Zhang Zhan: Erneut inhaftiert – Ein Aufruf zur internationalen Solidarität
Die renommierte Bürgerjournalistin Zhang Zhan, die durch ihre Berichte über den Ausbruch des Coronavirus in Wuhan internationale Bekanntheit erlangte, wurde in China erneut zu einer Haftstrafe verurteilt. Menschenrechtsorganisationen wie Reporter ohne Grenzen (RSF) und ein Netzwerk zur Verteidigung von Menschenrechten berichten, dass ein Gericht in Shanghai der 42-Jährigen am vergangenen Freitag eine Haftstrafe von vier Jahren auferlegte.
Dies geschah unter dem Vorwurf, sie habe Unruhe gestiftet und Streit gesucht - ein Vorwurf, der in China häufig gegen Aktivisten erhoben wird. Möglicherweise war ihre anhaltende Unterstützung für Menschenrechtsaktivisten über soziale Netzwerke Grund für die Verurteilung.
Die Gerichtsverhandlung fand unter Ausschluss der Öffentlichkeit statt, da weder Diplomaten noch Journalisten Zugang zum Shanghaier Gericht erhalten hatten. Zusätzlich wurde Aktivisten im Vorfeld der Zugang zum Prozess verwehrt, was Besorgnis über die Transparenz des Verfahrens auslöste.
Zhang war erst im Mai 2024 nach fünffähriger Haft entlassen worden, verschwand jedoch bereits Ende August, nachdem sie erneut von Sicherheitskräften festgenommen wurde. Ursprünglich geriet sie im Mai 2020 ins Visier der Behörden und wurde im Dezember desselben Jahres zu vier Jahren Haft verurteilt, nachdem sie als Bürgerreporterin über den Corona-Ausbruch in Wuhan berichtet hatte.

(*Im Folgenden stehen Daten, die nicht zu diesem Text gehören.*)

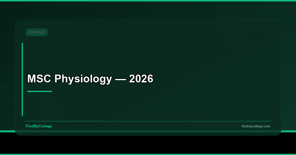 - **Prepare for Entrance Exams:** Many institutions, including central universities, use entrance exams like CUET PG, NEET PG, INI CET, MET, BHU PET, IIT JAM, and DUET for MSc Physiology admissions. CUET PG 2026 registrations open on December 14, 2026, and close on January 14, 2026.
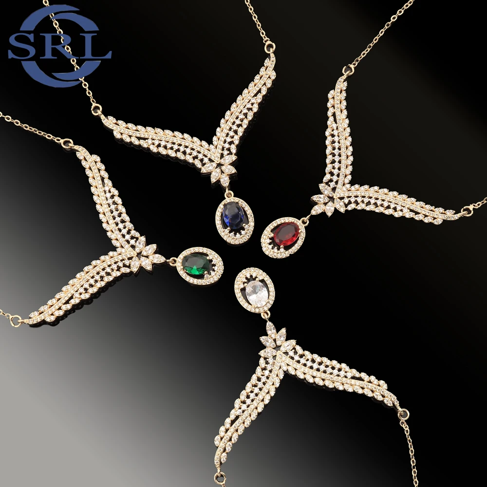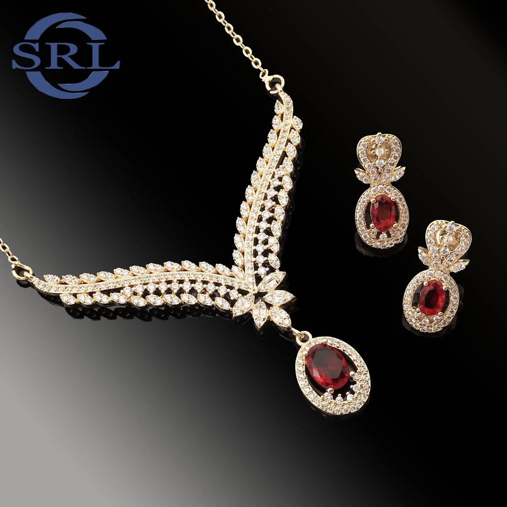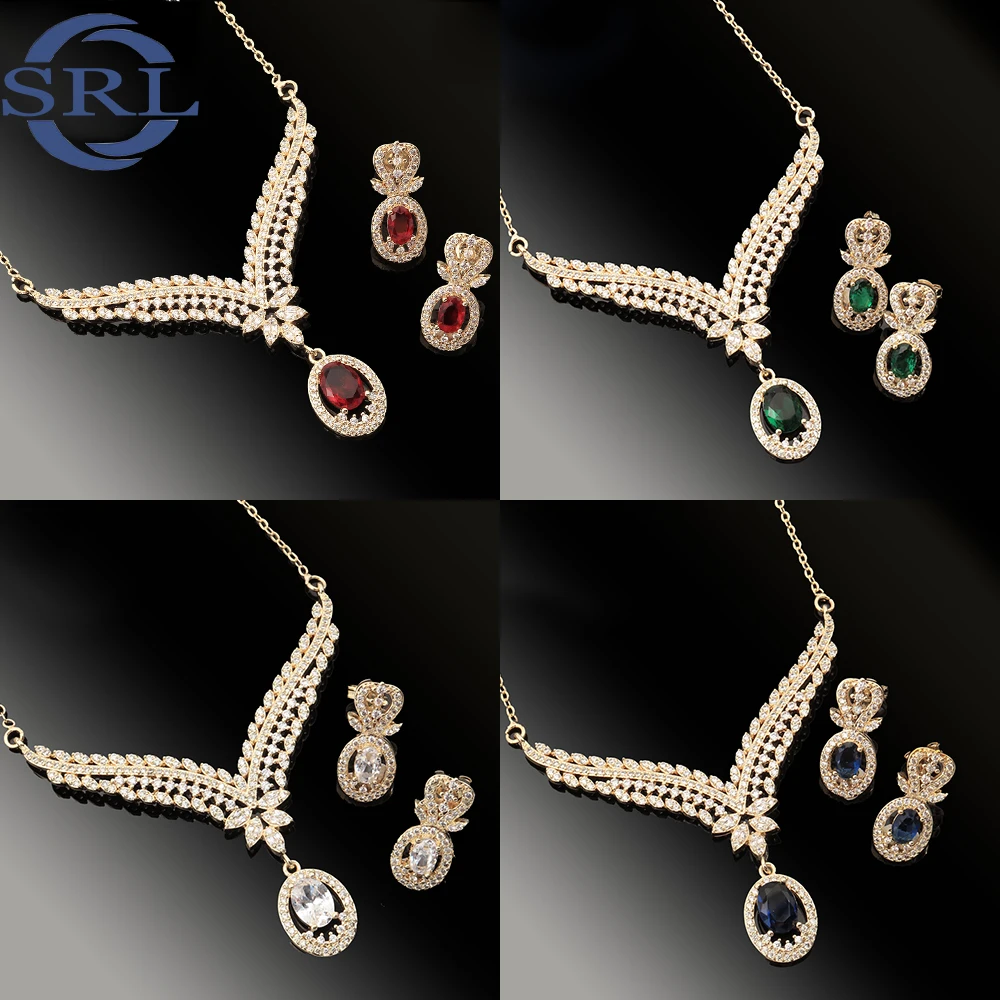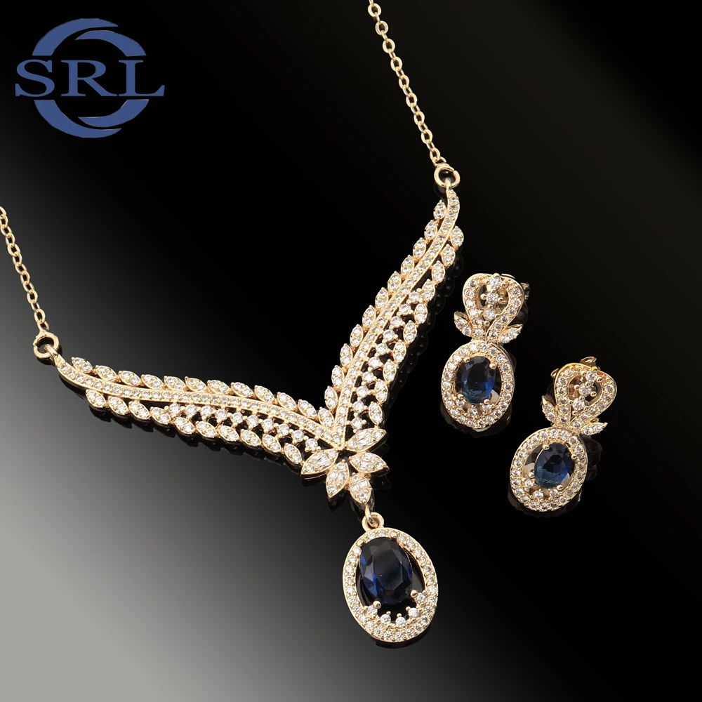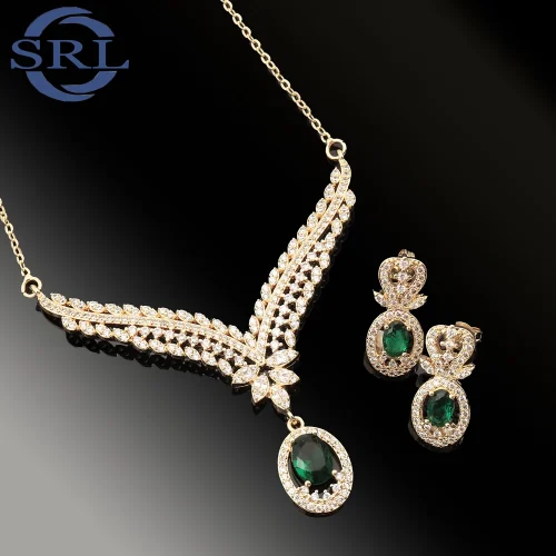 A New Fashion 14K18K Electroplated Gold Bridal Evening Dress with Teardrop Gemstone Earrings and Necklace Set

Einst als Anwältin tätig, verlor sie nach ihren Berichten ihre Berufslizenz und machte ihre Erlebnisse unter anderem auf der in China gesperrten Plattform Youtube und dem sozialen Netzwerk X, vormals Twitter, publik. Reporter ohne Grenzen zeigt sich über das Urteil empört und ruft die internationale Gemeinschaft dringend dazu auf, Druck auf die chinesische Regierung auszuüben, um Zhangs sofortige Freilassung zu erwirken.